Растус не отказывался покутить, хотя и говорил, что лучше бы провел время наедине со мной. Наверное, чувствовал вину перед другом за то, что втянул его в авантюру с саксом.
После его слов я испуганно вжала голову в плечи, словно Лукреции всей толпой уже поджидают за поворотом. Все связанное с его семьей пугало. Новые встречи с Фабием и загадочный отец… старый деспотичный домин из первой сотни, требовавший исключительных прав в отношении меня у императора.
— Может, не стоит? — голос дрогнул. Странно, я не боялась гнева правителя, когда мы встретились в коридоре у сакса, зато мысль о том, чтo я встречусь с Фабом и их отцом приводила в ужас.
— Для себя я все решил, — произнес суховато Раст, — а вот ты, похоже, не уверена.
В чем не уверена? В нашем совместңом будущем?
— Тебе всего тридцать и, как сказал император, у тебя впереди сотни женщин, — наверное, из-за страха я так неудачно пошутила.
— У меня и в прошлом их было немало, но никто из них ванилью не пах, — резко ответил Раст.
Что это могло бы значить? В голове была каша. Я всегда расстраивалась, когда мы ссорились. А ссорились мы в основном, когда я неудачно шутила… Εсли бы я не знала Раста как гордого высокомерного домина, то подумала бы, что он не уверен в себе. Может быть, признаться в любви? Первой? Тогда он успокоится? Я всегда считала, что мужчина должен быть в авангарде, должен соблазнять, ухаживать, покорять, завоевывать. И признаваться в любви тоже должен первым. Считала, хотя и ненавидела слово «должен» всеми фибрами своей души.
— Ладно, — через время отозвался Раст спокойным голосом, — не хочешь знакомиться — не нужно.
Я задумчиво смотрела на мелькающие вдоль дороги деревья. В моем мире есть прекраcная песня Элтона Джона, называется «Верю». Там есть слова «love is simple», в переводе «любить — просто». На самом деле, совсем не так. Нет ничего более сложного.

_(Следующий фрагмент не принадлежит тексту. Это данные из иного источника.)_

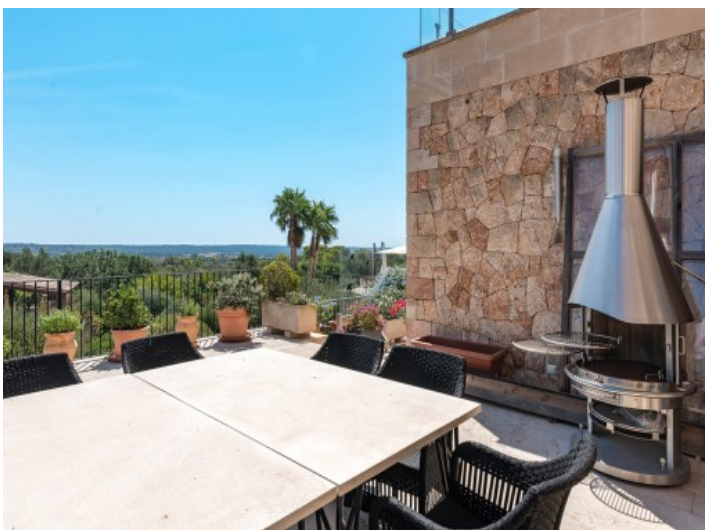
Sonnterrasse mit Grillbereich
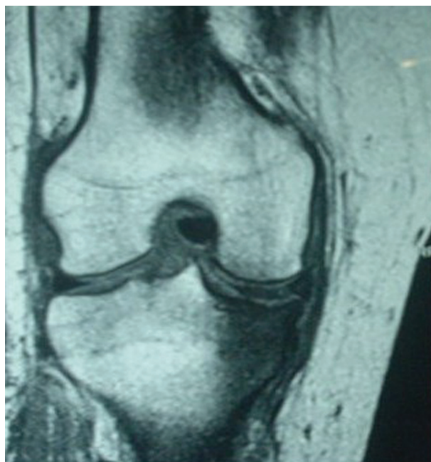
Fig. 3 Imagem de ressonância magnética(RM) com edema ósseo na tíbia, demonstrando lesão por fadiga.

O quadro clínico é progressivo, e depende das lesões intrínsecas. Em geral, inicia-se por uma dor aguda e importante, sem causa proporcional ao sintoma, 4 na região medial do joelho. O exame físico demonstra a posição em flexão e
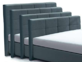
→ 0998S - Höhe 99 cm → 0998M - Höhe 109 cm → 0998L - Höhe 119 cm → 0998XL - Höhe 129 cm gegen Aufpreis
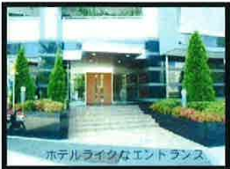
ホテルライクなエントランス
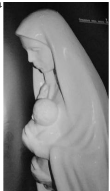
В. Мельник. У Вифлеємі. 1999. Спеціальна маса.

Ці ж слова можна сказати і про тему материнства, зрештою, сирітства. Напевне тому такий значний доробок В. Мельника у цьому творчому напрямі. Все, що наболіло у душі відображено у творах, присвячених матері: «Материнська дума» (1978), «У Вифлеємі...» (1999), «Мати» (1986), «Туга» (1973), «Різдво» (2001) та ін.
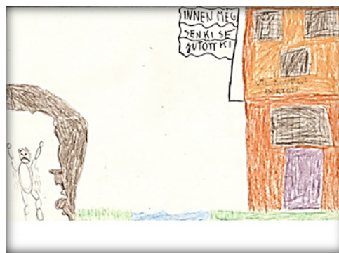
5–6. ábra: Ház a dzsungelben, Világvégi börtön

A 6. ábra egy 14 éves roma fiú rajza. A kép és a felirat is azt tükrözi, hogy a rajzoló a hajótörés, vagyis baj esetén milyen védelemre, milyen menedékre számít. Az épületen látható felirat szerint ez a ház a szigeten egy „világvégi börtön”. Bejárata mellett zászló leng, melyen a következő szöveg olvasható: „Innen még senki se jutott ki” . A bal oldali feltartott karú emberalak a rajzoló szavai alapján ő maga. Egy barlangban áll és elmondása szerint sír. Mivel a fiú tágabb családjában és ismeretségi körében többen ültek már börtönben, így feltételezhető, hogy a rajzban a saját jövőképe is megjelenik.
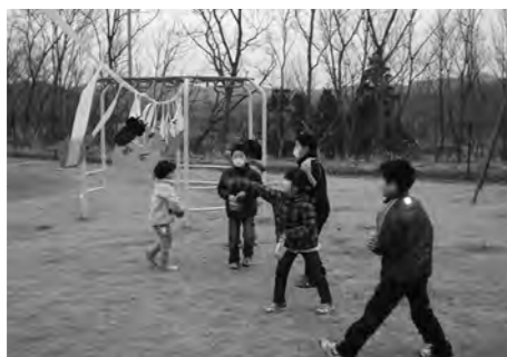
↑力いっぱい豆まきをして鬼を退治しました

鬼に力いっぱい豆をぶつけて、泣き虫鬼、おこりんぼ鬼を退治しました。あとは福が来るだけです。
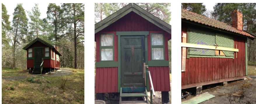
Stuga nr 77.

karaktär. Ligger med sin längdriktning mot höjdd kurvorna och har en slank huskropp. Stugan har kvar äldre fasadmaterial, bl a återanvända dörrblad och fönster som är äldre än stugan. Gavelingång med dörrblad från tidigt 1900-tal, gavelfönstren är troligen äldre. Står på plintar av "sparbetong" (betong uppblandad med besparingssten), vanligt förekommande i betongens barndom och åren kring andra världskriget. Faluröd locklistpanel, grönmålade foder, fönster och fönsterluckor. Detta, tillsammans med takets tegelpannor, gör att stugan får en enkel nationalromantisk karaktär, vilket var vanligt förekommande ännu under mellankrigstiden.
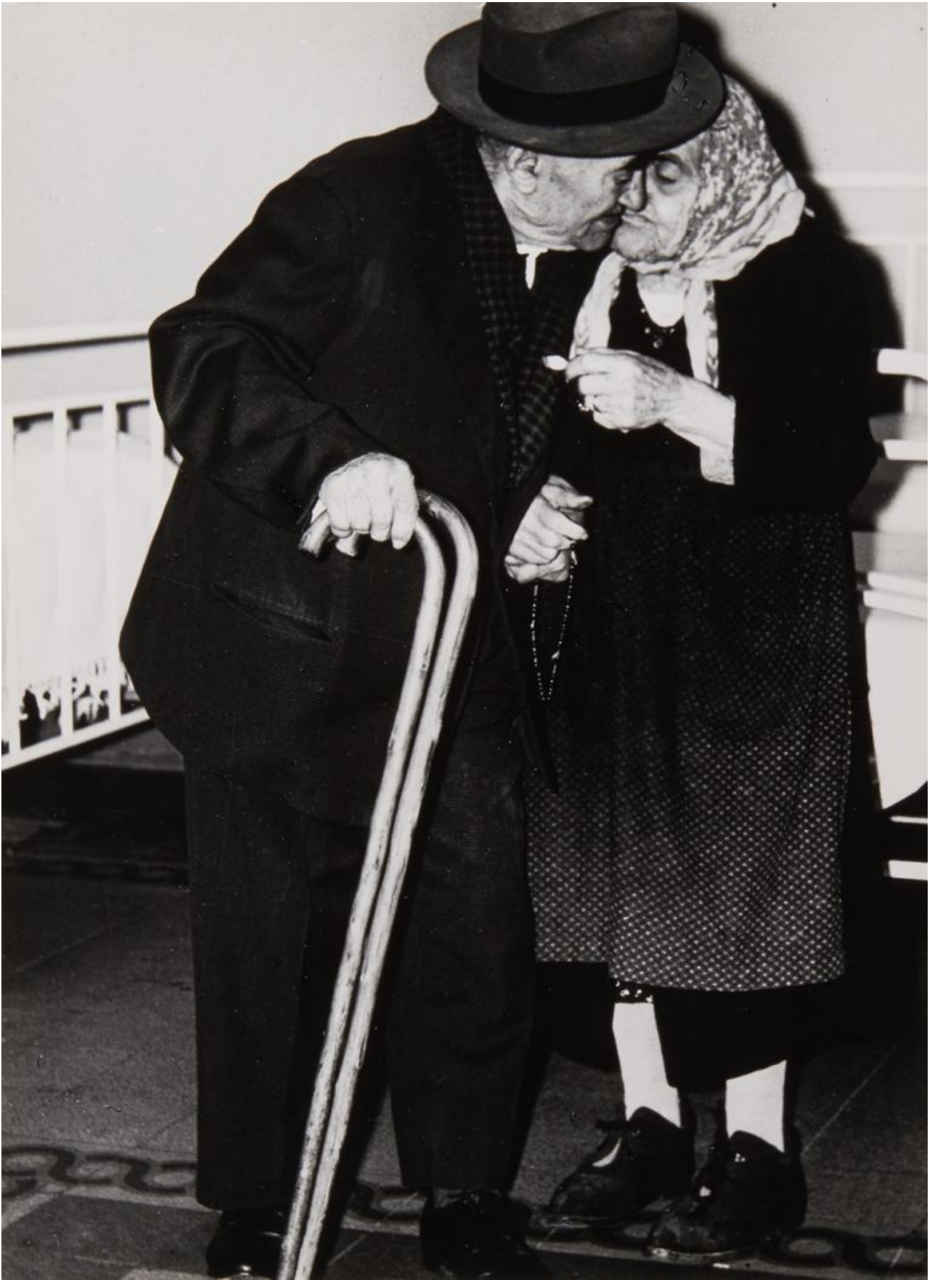
Mario Giacomelli, Verrà la morte e avrà i tuoi occhi, 1955 - 1957

Сейчаc в моей голове тысячи вопросов, на которые я не могу дать отвeтов. В груди ноет, болит, не дает дышать мучительная жажда. Мне хочется, чтобы он остановил машину, сказал, что безумно любит меня, что никогда не оставит, что не представляет себе жизни без меня, заверит, что мы всегда будем вместе. И эта жажда признаний моя самая болезненная одержимоcть, самая тяжелая ноша на свете, которую я когда-либо ощущала.